Алябьев и Шатилов познакомили Грибоедова со своим постоянным партнером в картах, графом Федором Ивановичем Толстым-Американцем. Впрочем, кто ж его не знал? Ему было уже лет сорок, но никто не надеялся, что он когда-ни-будь остепенится. Ни годы, ни правительственные наказания никак не действовали на эту буйную голову. Он подчинял себе самые неблагоприятные обстоятельства. Убив на дуэли множество представителей лучших семейств, он умудрился сохранить доступ во все дома; будучи дважды разжалован в солдаты, каждый раз безумной отвагой возвращал себе офицерский чин; отправившись двадцатилетним (в виде наказания за дуэль) в первое русское кругосветное плавание под командованием Крузенштерна, он был высажен за бунт на Алеутских островах, но умудрился пересечь всю Россию и вернуться посуху в Петербург, заслужив прозвище Американец; наконец, имея привычку передергивать в карты («исправлять ошибки Фортуны»), он не лишался ни партнеров, ни уважения общества.

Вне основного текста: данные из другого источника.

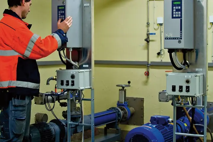 La municipalité n’utilisait auparavant que l’Emotron FDU pour la régulation de la pression et du débit, mais un Emotron VFX, développé pour ce type d’application dynamique, était désormais nécessaire. Noxon avait toujours utilisé une autre marque en standard pour ses centrifugeuses et n’avait jamais testé l’Emotron. Comme le processus utilise deux moteurs électriques, l’un pour l’entraînement et l’autre pour le freinage, il fallait une solution efficace sans résistances de freinage.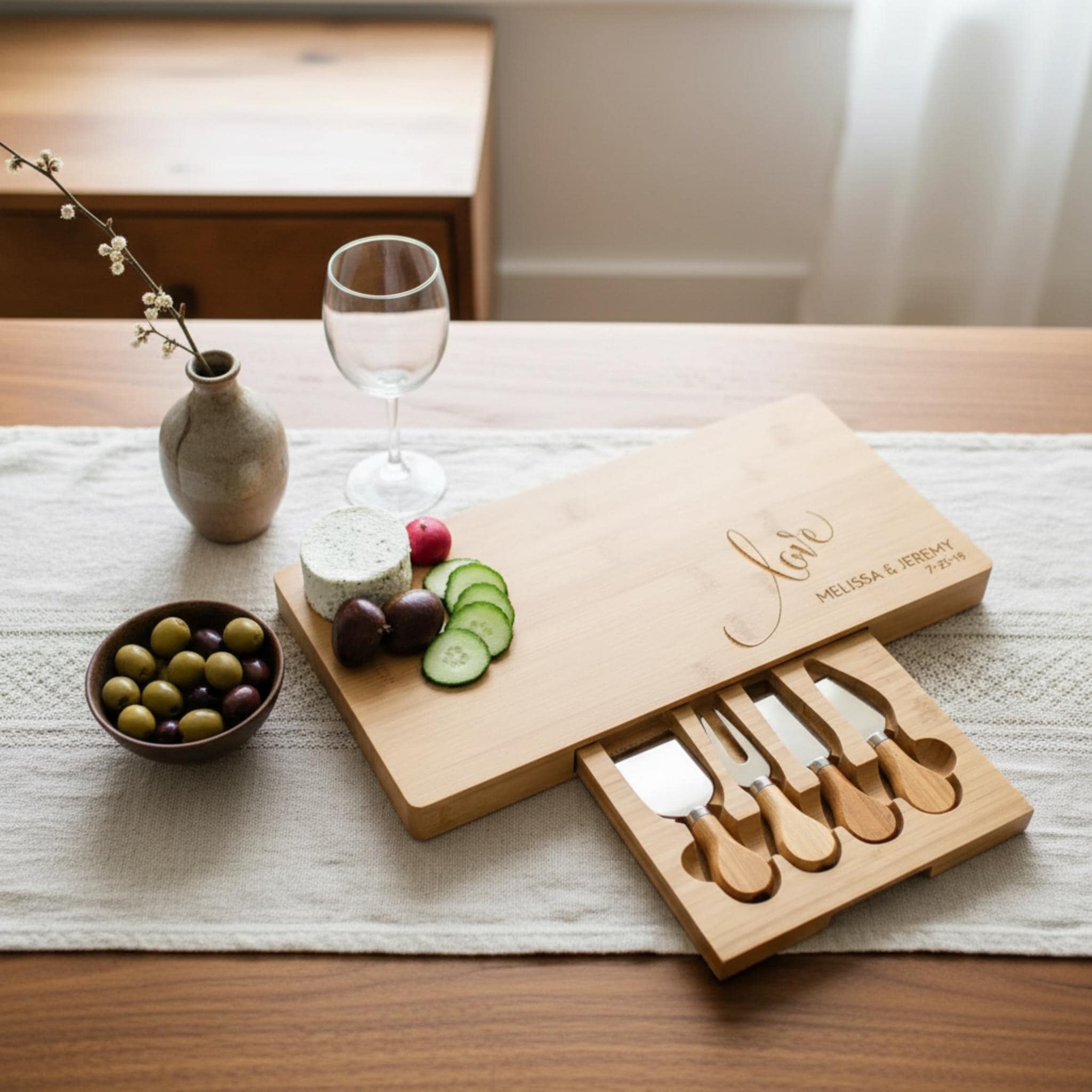 Personalized Bamboo Cheese Board Set, Custom cheese board, Engraved cutting board, Wedding gifts, Gifts for the couple, Christmas gifts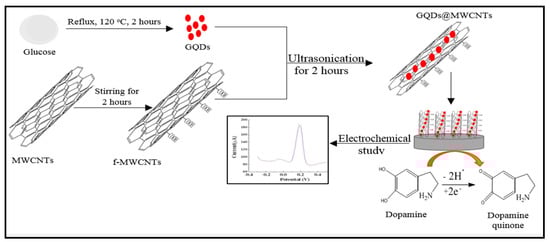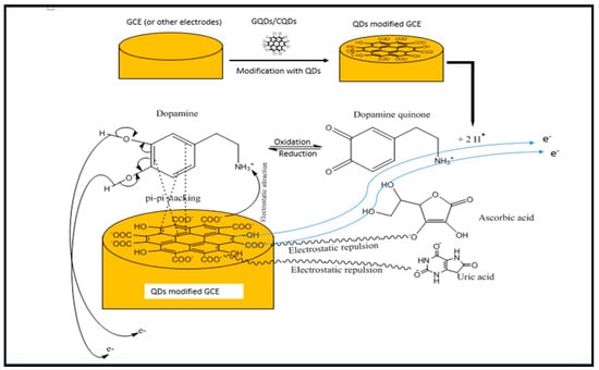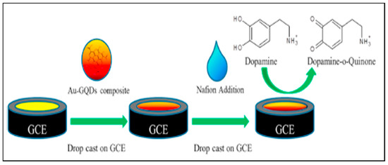 Intending to present a very sensitive electrode with good electrocatalytic activity, Jang and co-workers [98] combined AuNPs and GQDs made from the hydrothermal treatment of carbon black to form a composite that was later cast on GCE (Figure 10). This was followed by drying the modified GCE under an infrared lamp before coating with a portion of diluted nafion. The nafion coated working electrode (Au-GQDs-Nafion/GCE) was further dried under an IR lamp before application for the electrochemical detection of DA.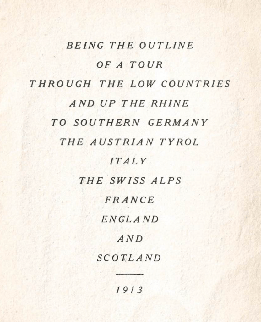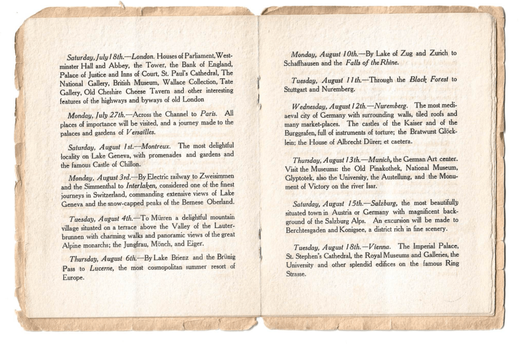 A few weeks ago, our neighborhood hosted a day of garage sales, and these two curiosities made their way home with me–tour itineraries for England, Wales, and Contintental Europe, for the years 1913 and 1914.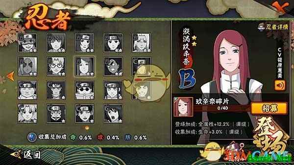火影忍者手游里的漩涡玖辛奈是主角鸣人的母亲,也是上一代的九尾人柱力,那么漩涡玖辛奈里的基础...
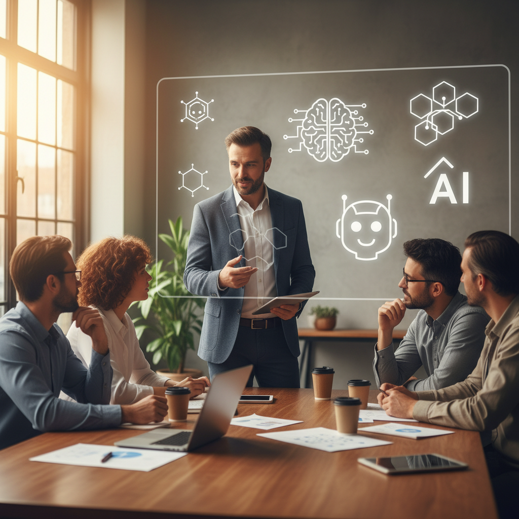 Alt text: Team collaborating with AI interface in modern office, demonstrating AI-powered collaboration and decision-making.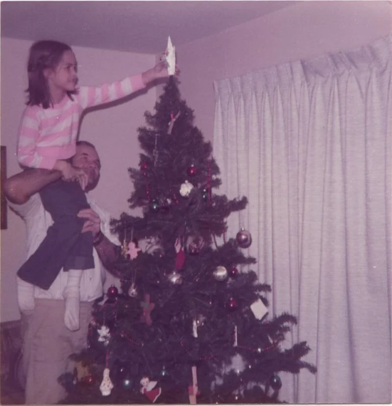 BTK decorates a Christmas tree with his daughter.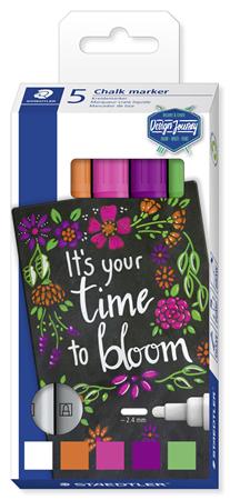 Kriedový popisovač, sada, 2,4 mm, kuželový, STAEDTLER "Lumocolor® 344", 5 rôznych farieb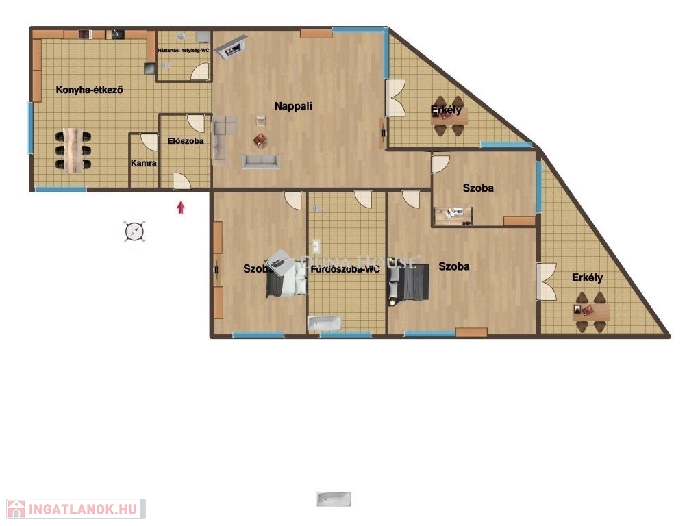 112 m2-es lakás elosztása: 3 szoba, nappali, konyha, étkező, fürdő WC-vel, külön WC, 2 erkély. A lakáshoz tartozik még egy saját tároló és egy utcai autóbeálló, valamint közös kerékpártároló is. A mélygarázsban található egy gépkocsi beálló, a lakáshoz megvásárolható. A gépkocsi beálló ára 6.000.000 Ft.A lakás gáz cirkófűtéssel rendelkezik, biztosítva ezzel a minden évszakban optimális hőmérsékletet. Belépve a lakásba, az első, ami szembeötlő, az a bőséges természetes fény, mely minden helyiséget átjár. A kellemes mikroklíma a gáz cirkó fűtésrendszernek köszönhető, ami gazdaságos és kényelmes megoldást nyújt a fűtésre. Az épület, mely 2002-ben került felépítésre, tégla szerkezetének köszönhetően rendkívül stabil és hőszigetelési szempontból előnyös. A lakás elosztása gondos tervezés eredménye, amely maximális helykihasználást tesz lehetővé anélkül, hogy zsúfoltnak vagy szűknek éreznénk a teret. A tágas nappali és a hálószobák ideális helyet biztosítanak a családi és baráti összejövetelekhez, valamint a nyugodt pihenéshez. Az ingatlan elhelyezkedése is kiváló, közel található a városközpont, iskolák, üzletek és zöld területek, ami kényelmes és praktikus mindennapokat tesz lehetővé. Az udvarban közös zöld terület, játszótér található. Akár az otthon keresésében van, akár befektetési célból vásárolna, ez a lakás tökéletes választás lehet.Ne hagyja ki ezt a ritkán adódó lehetőséget, hogy saját otthona legyen egy napfényes, megbízhatóan fűtött, kiváló állapotú és elhelyezkedésű téglalakásban.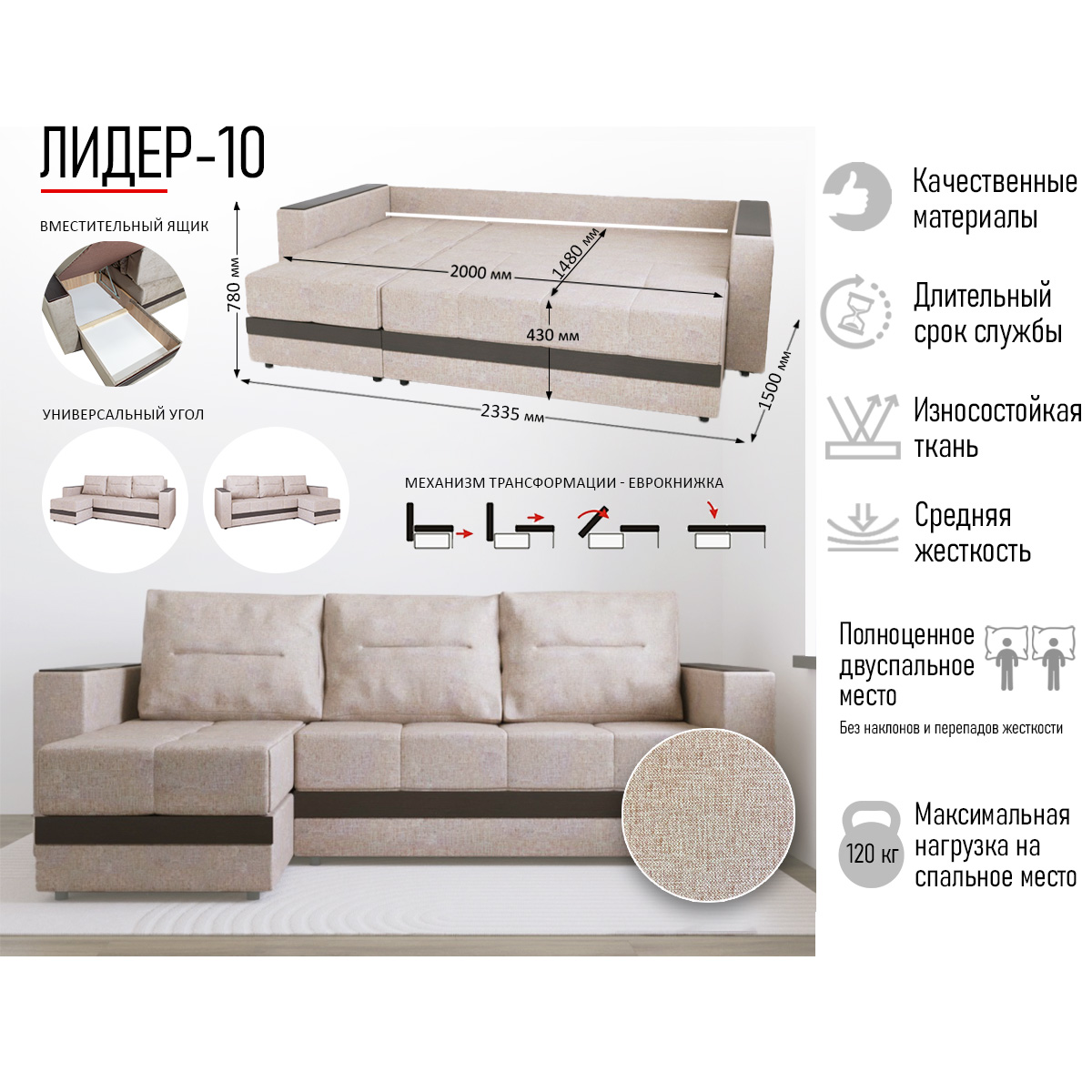 "Лидер 10" - универсальный компактный угловой диван.

Уж на что Денис Давыдов был человеком испытанной храбрости, а и тот как-то обратился к Толстому:
Прошу тебя забыть
Нахальную уловку,
И крепе, и понтировку,
И страсть людей губить.
Молодой Пушкин, искренне ненавидя Толстого, заклеймил его эпиграммой:
В жизни мрачной и презренной
Был он долго погружен,
Долго все концы вселенной
Осквернял развратом он.
Но исправясь понемногу,
Он загладил свой позор,
И теперь он — слава богу —
Только что картежный вор.
Вяземский же пытался сохранить объективность и не судить:
Американец и цыган!
На свете нравственном загадка,
Мятежных склонностей дурман
Или страстей кипящих схватка
Всегда из края хлещет в край,
Из рая в ад, из ада в рай!
Грибоедов был рад увидеть самую колоритную личность Москвы, если не всей России, и хотя не составил о Толстом высокого мнения, но и не боялся его.
Занимаясь музыкой вместе с Алябьевым, Всеволожским, Верстовским и Одоевским, читая стихи Кюхельбекеру и Вяземскому и слушая их стихи, смеясь с Денисом Давыдовым, проводя вечера в театре и до полуночи ведя задушевные разговоры со Степаном, Грибоедов замечательно проводил время. В Персии он мечтал о Петербурге, но теперь забыл о нем — даже не забыл: ему стало казаться, что Петербург сам пришел к нему в лице своих лучших представителей.